Это странно, потому что все твои рисунки и многие песни очень похожи на игру.
В песнях это, видимо, от Пола, а не от меня.
А что насчет Good Morning Good Morning? Это же твоя песня. И она прекрасна. Такой веселый «один день из жизни» повзрослевшего парня, который после работы бесцельно слоняется по городу, потому что ничего не происходит, все закрыто и все уже почти спят, а ему не хочется идти домой. И вот он бредет мимо своей старой школы и знакомится с девчонками, а потом идет на концерт, и, хотя сказать ему нечего, все у него в порядке.
О, это всего лишь упражнение. У меня была неделя на написание песен для Pepper. Good Morning Good Morning
— фраза с рекламы хлопьев Kellogg’s, вот до чего я дошел, чтобы написать эту песню.Читая «Леннон вспоминает» [легендарное интервью Яна Винера 1970 года] или интервью в Playboy
[взятое Дэвидом Шеффом в сентябре 1980-го], я понял, что вечно жалуюсь, как мне тяжело писать или как я ужасно страдаю, когда пишу, как почти каждая песня, что я когда-либо писал, оборачивалась для меня совершеннейшей пыткой.
Большинство из них были пыткой?
Да вообще! Я вечно думаю, что в них ничего нет: эта дерьмо, та недотянута, эта не откровение, та дрянь, а даже если откровение и случается, я сижу и думаю: «Да что это за хрень, блин?»
Похоже, у тебя просто творческий запор.
Глупость все это.
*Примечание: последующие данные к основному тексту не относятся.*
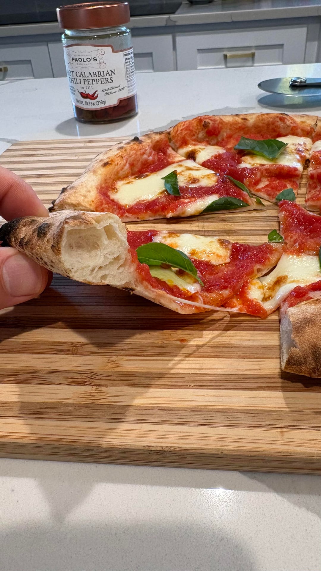 Caputo “Blue” Pizzeria Flour, 67.5% hydration, 72 hour cold ferment. Topped with Calabrian chili oil and post-oven basil. by f_cinergytraining 1 Comment Opposite_Musician914 2 weeks ago È così invitante m!
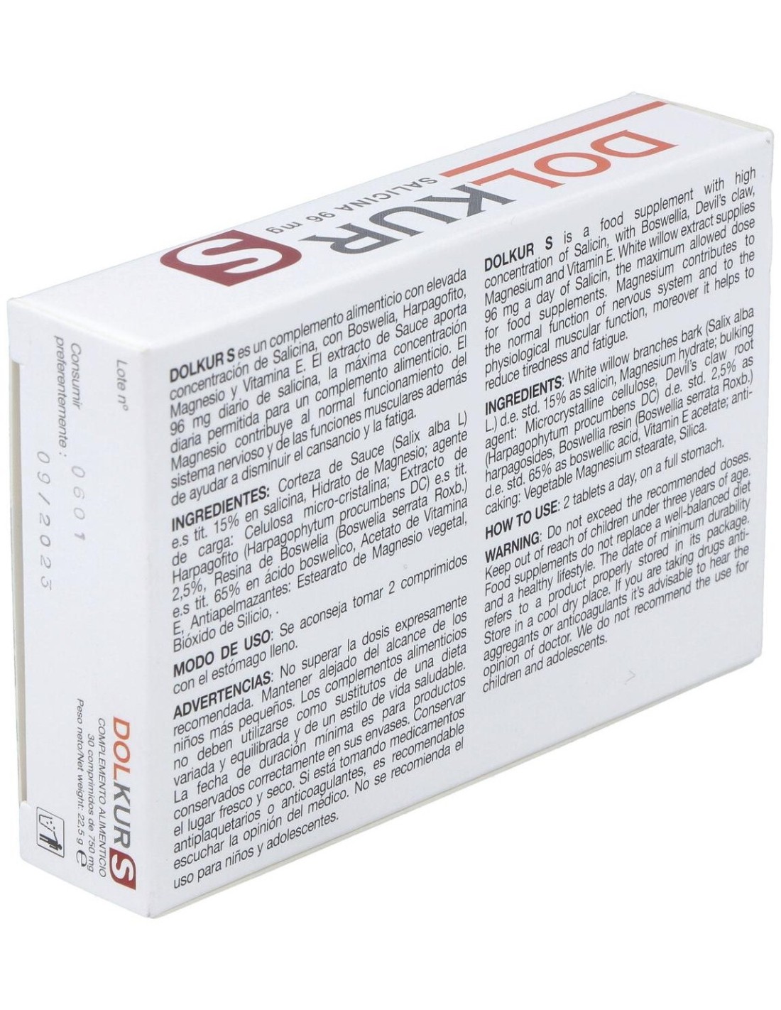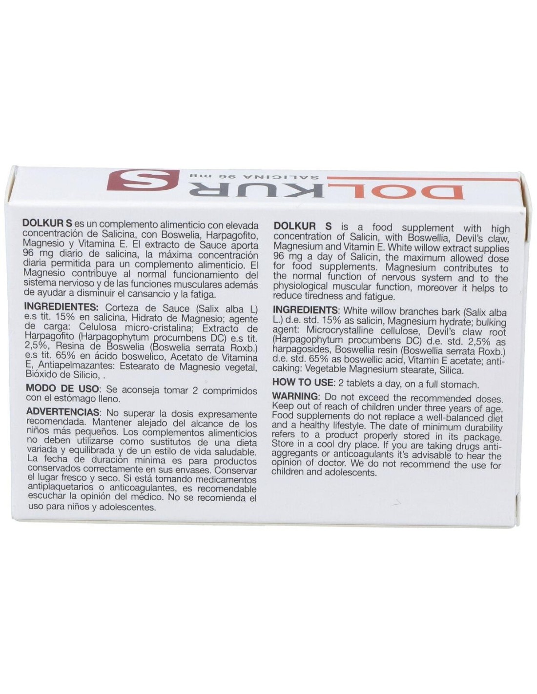 Sauce e.s tit. del cual Salicina, Harpagófito e.s tit. 2,5%, Boswelia e.s tit. 65%, Magnesio, Vitamina E.
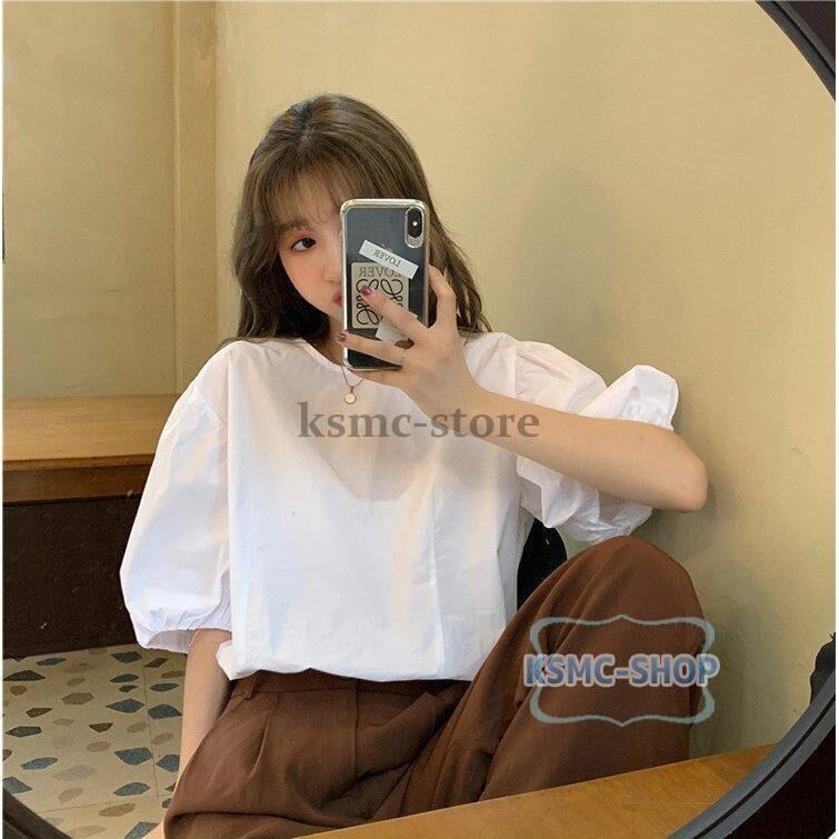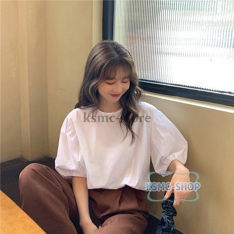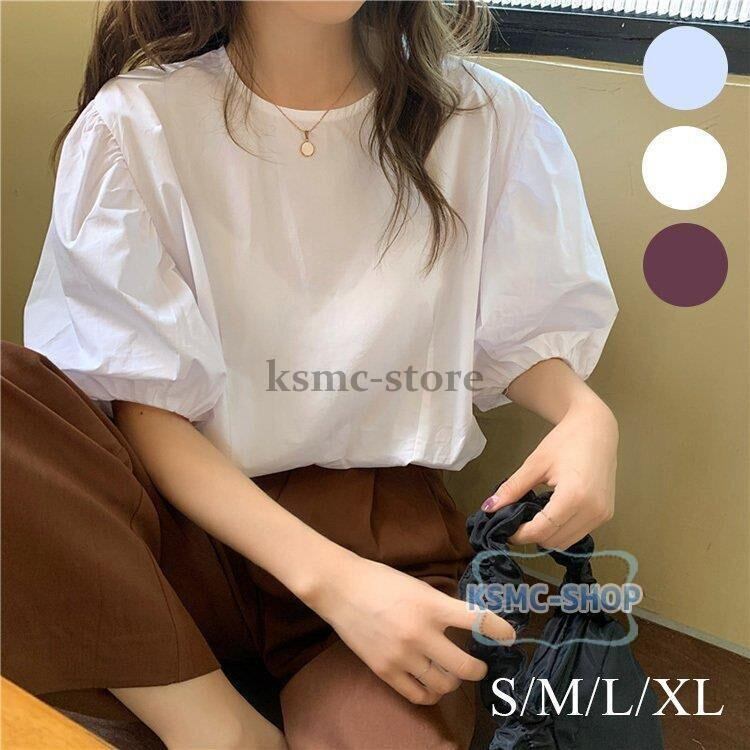 ブラウス シャツ レディース 半袖 3色 パフスリーブ おしゃれ きれいめ カジュアル 韓国風 韓国 ファッション コーデ おすすめ カジュアル きれいめ 大きいサイズ 人気 ゆったり 20代 30代 40代 50代
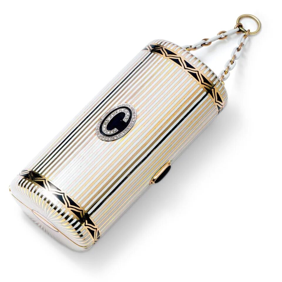 上图这款梳妆盒造型的晚宴包,是威斯敏斯特公爵送给情人香奈儿女士(就是上面的香奈儿)的礼物,由卡地亚制作于1924年。设计师在接受委托后,结合香奈儿女士的气质,将包包的金属表面勾勒出白色珐琅条纹,用钻石镶嵌出字母C(香奈儿女士名字首字母),和底部的黑色形成鲜明的对比。
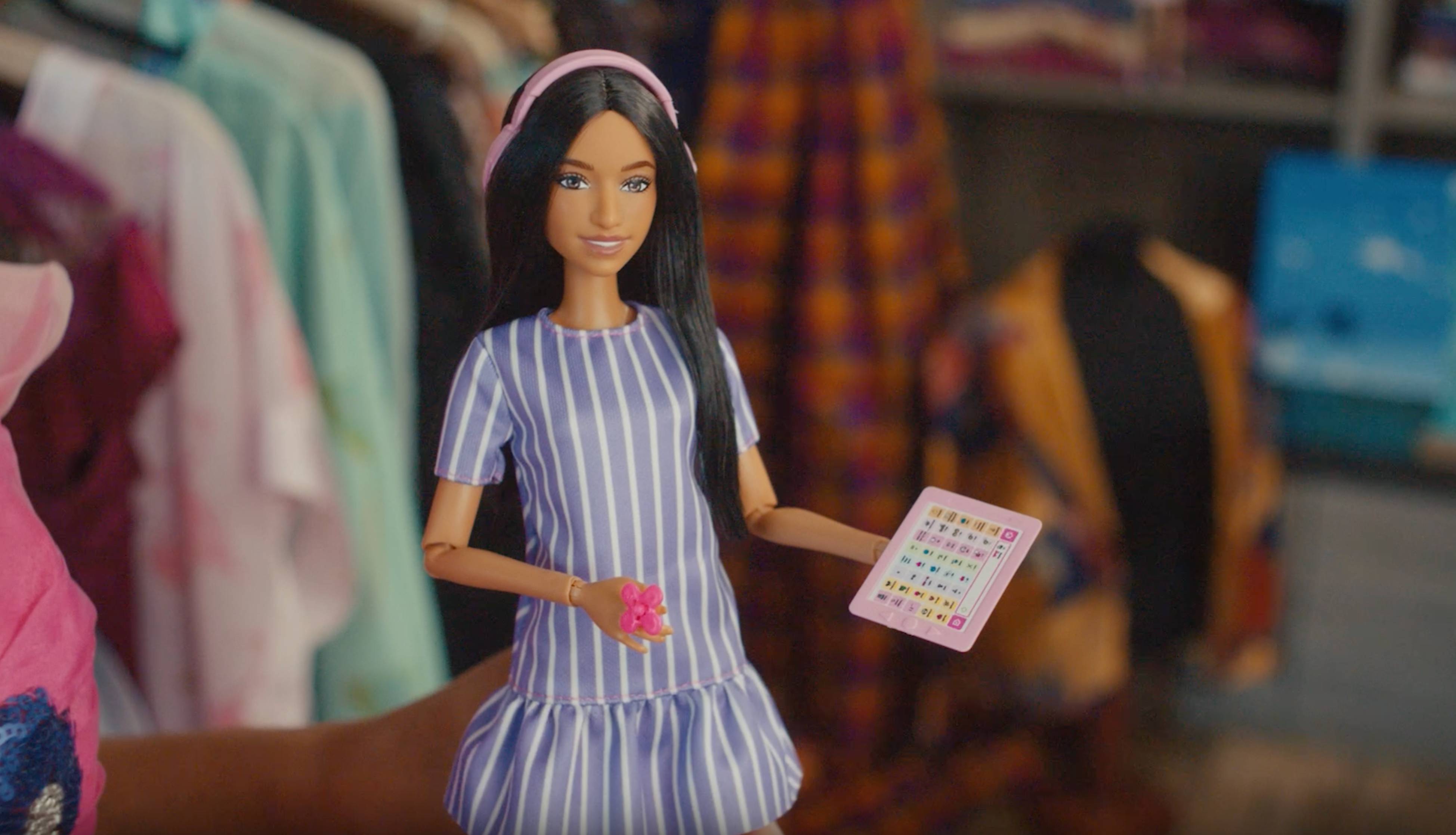 Новая кукла оснащена аксессуарами, которые помогают в повседневной жизни некоторым людям с аутизмом, — наушниками с шумоподавлением, спиннером и планшетом с приложениями для альтернативной коммуникации. Её дизайн, включая направленный в сторону взгляд и повышенную подвижность суставов для жестикуляции, был разработан совместно с американской правозащитной организацией Autistic Self Advocacy Network (ASAN).

Я просто думаю: «Боже, как это было тяжело, я шел по неправильному пути». (Смеется.
) А потом я понял, что все эти годы говорил так про каждую запись и каждую песню за исключением десятка — типа тех, что были даны мне Богом и взялись ниоткуда.
А с песнями, которые ты писал для Double Fantasy, было легче?
Не-а. Вообще-то у меня пять лет заняло это дело. Сначала страдать пять лет запором, а потом просраться за три недели. (Смеется.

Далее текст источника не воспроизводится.